Members of the PSL will be going out to Sanders campaign events to connect with the most radical and committed layers of people drawn to his program and to build relationships that will last far beyond the current election cycle. This is consistent with our Party’s orientation to the 2016 election.
If Bernie Sanders fails to get the nomination, he says that he will campaign for whoever is the candidate in the general election. The PSL will not follow that advice. We will urge people to vote for the La Riva/Peltier ticket instead wherever they have achieved ballot status either as PSL candidates representing the Peace and Freedom Party in California or on other progressive third parties’ ballot lines in other states.
If Bernie Sanders wins the Democratic nomination, in spite of the Democratic Party establishment’s war against him, the PSL will not run candidates in battleground swing states. If Bernie Sanders were to win the Democratic Party nomination and then shift his campaign stance and orientation to the right to appease sections of the ruling class and the Democratic Party leadership elites, we will retain our independent capacity to evaluate, criticize or condemn such moves. Appeasing reactionaries in the ruling class only facilitates the growth of right-wing and ultra-right politics.
In the event of a Sanders versus Trump general election, the La Riva/Peltier campaign running outside of swing states will still make an important contribution to the radicalization of popular consciousness. In a period of intensifying class struggle, independent organization and clarity on the meaning of socialism — and how to achieve it — becomes more necessary than ever.

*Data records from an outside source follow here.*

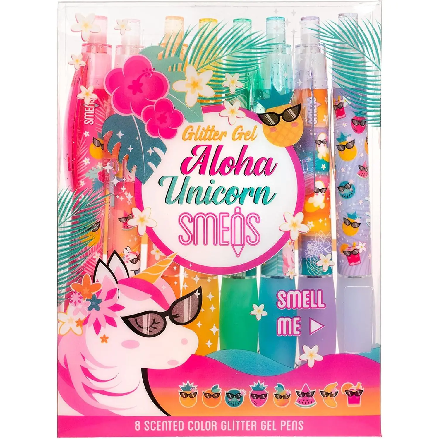 Aloha Unicorn Glitter Gel Smens® bring sparkle, scent, and tropical vibes to every page. This 8-pack of clickable pens features colorful glitter gel ink and patented scented grips that release fruity fragrances while you write.
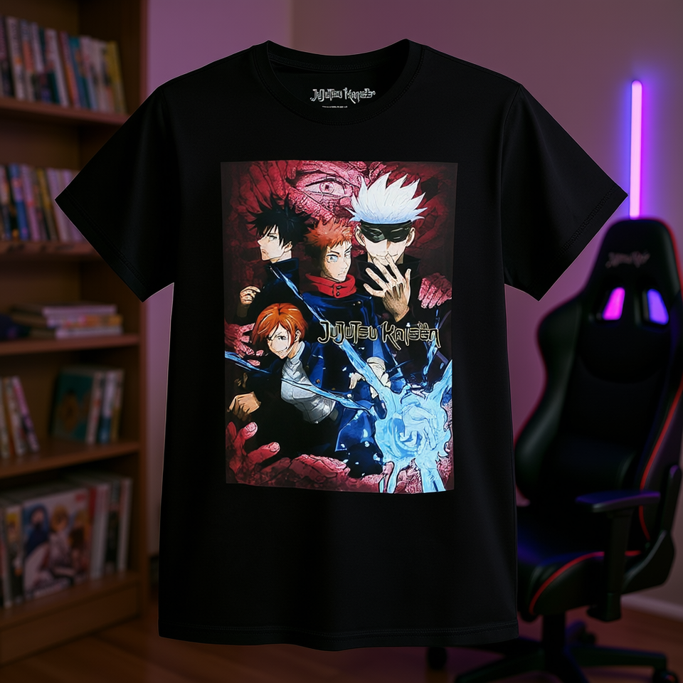 T-shirt da uomo Jujutsu Kaisen Key Visual 2, vestibilità regolare, manica corta, cotone, casual, stampa frontale
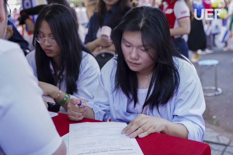 Trong kỳ tuyển sinh 2025, UEF thu hút thí sinh với chính sách đăng ký học bổng sớm với nhiều lợi ích thiết thực. Đăng ký học bổng sớm trong giai đoạn này là lựa chọn chiến lược để giảm bớt áp lực tài chính, đồng thời chủ động nắm bắt cơ hội vào đại học với nhiều điểm cộng. Ở ngày hội, Ban tư vấn cũng đã tận tình hướng dẫn thí sinh, phụ huynh hoàn thành hồ sơ đăng ký chính xác và nhanh chóng nhất.
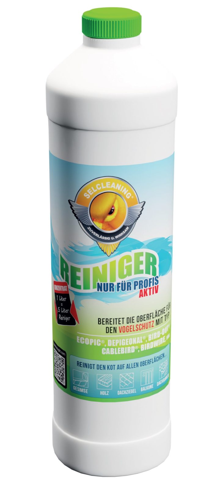 Aktiv-Reiniger für Profis. Bereitet die Oberfläche für den Taubenschutz mit dem Typ Ecopic®, Depigeonal®, BIRD-OUT®, Cable Bird®, Birdwire, vor. Reinigt alle Oberflächen wie Stein, Beton, Putz, Zink, usw. Nimmt Rücksicht auf die Anwender und die Umwelt. Unschädlich, weil keine chemischen Bestandteile enthalten sind.
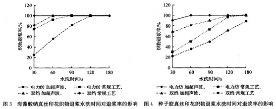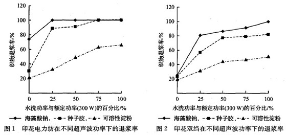 印花雙縐退漿水洗時,以海藻酸鈉作糊料的印花織物若要達到100% 的退漿率,常規水洗需要120 s,超聲波水洗只需60 S,時間縮短了一半。以種子膠作糊料的印花織物,超聲波水洗120 S退漿率達到100 %,比常規水洗省時至少1/3。以可溶性淀粉作糊料的印花織物,超聲波水洗180 S退漿率達到100 %,是此時常規水洗退漿率的2倍。
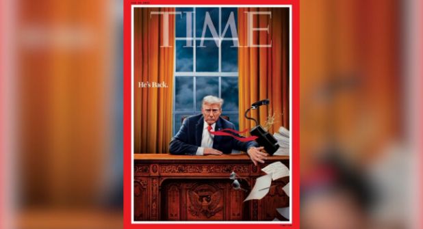 Estados Unidos.- A un día de que Donald Trump retome la presidencia de Estados Unidos, la revista Time mostró su nueva portada, totalmente ocupada por el magnate neoyorkino, con la frase “He´s Back” (Él está de regreso).
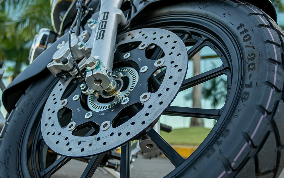 As rodas são de liga leve, garantindo mais estabilidade e aderência ao solo, na dianteira conta com aro 18´´ e aro 15´´ na traseira. Os freios são à disco com sistema ABS de dois canais, possibilitando uma frenagem eficiente e precisa em diversas condições.
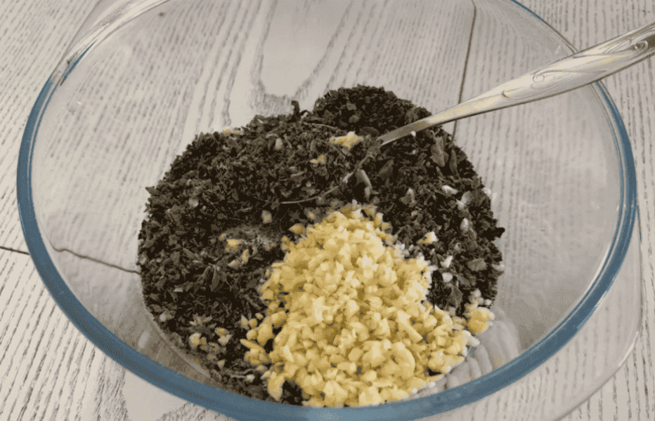 Змішуємо часник із м’ятою (4 ст. л. на літрову банку). Додаємо трохи чорного меленого перцю і чилі, можна замінити паприкою.
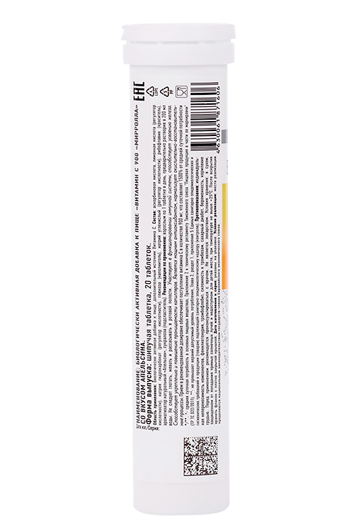 Состав: аскорбиновая кислота, лимонная кислота (регулятор кислотности), натрия гидрокарбонат (регулятор кислотности), глюкоза (наполнитель), натрий углекислый (регулятор кислотности), рибофлавин (краситель), ароматизатор натуральный «Апельсин», сукралоза (подсластитель).
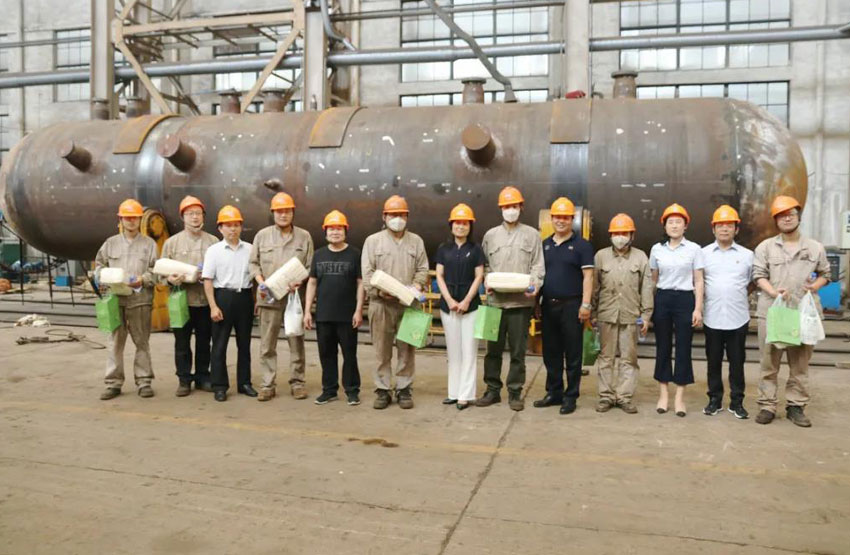 7月23日下午,臨淄區總工會副主席于宗偉、區總工會黨組成員賈鳳玲,區總工會職工服務中心主任孫能富一行來到齊魯石化機械制造有限公司看望慰問崗位的一線員工,并贈送了防暑降溫品。
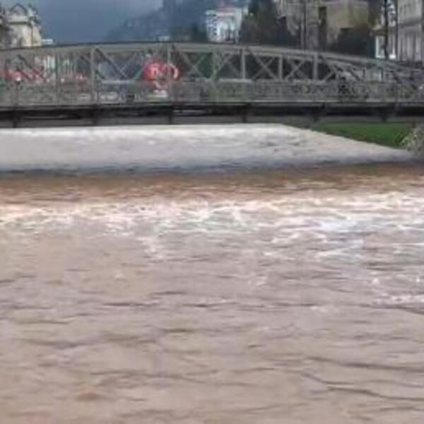 "Moguće plavljenje imovine i saobraćajnih mreža": Dramatično u Sarajevu, nabujala i zamućena Miljacka (FOTO)
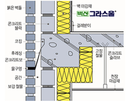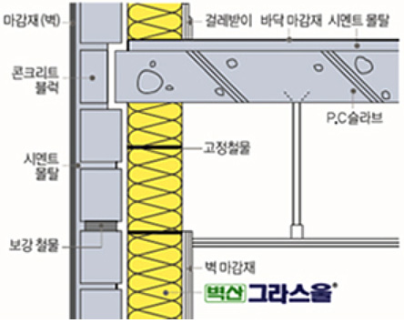 - 미네랄울은 50㎏/㎥, 25mm 이상의 것을 쓴다.
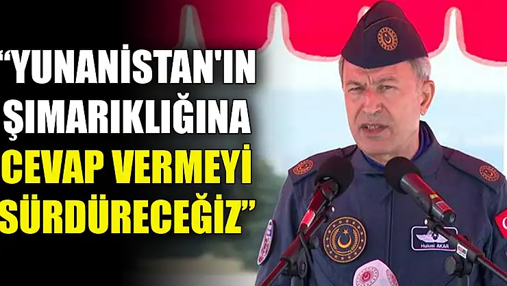 Milli Savunma Bakanı Hulusi Akar, Yunanistan'ın, saldırgan eylem ve söylemlerinin, devam ettiğini belirterek, 'Yunanistan'ın bu şımarıklığına her zaman, her yerde mutlaka cevap verdik, vermeyi sürdüreceğiz' dedi.

Tactics can never be absolute, designed for all situations or last forever. On the contrary, revolutionaries must combine a rock-hard adherence to core principles with tactical suppleness to advance the movement for socialism under varying conditions and on shifting terrain. For now, the Sanders campaign represents a dynamic insurgency promoting radical social changes in the face of increasingly stiff headwinds from a criminal ruling class that fears the loosening of its absolute grip over U.S. politics and the economy. We support the insurgency against the reactionaries.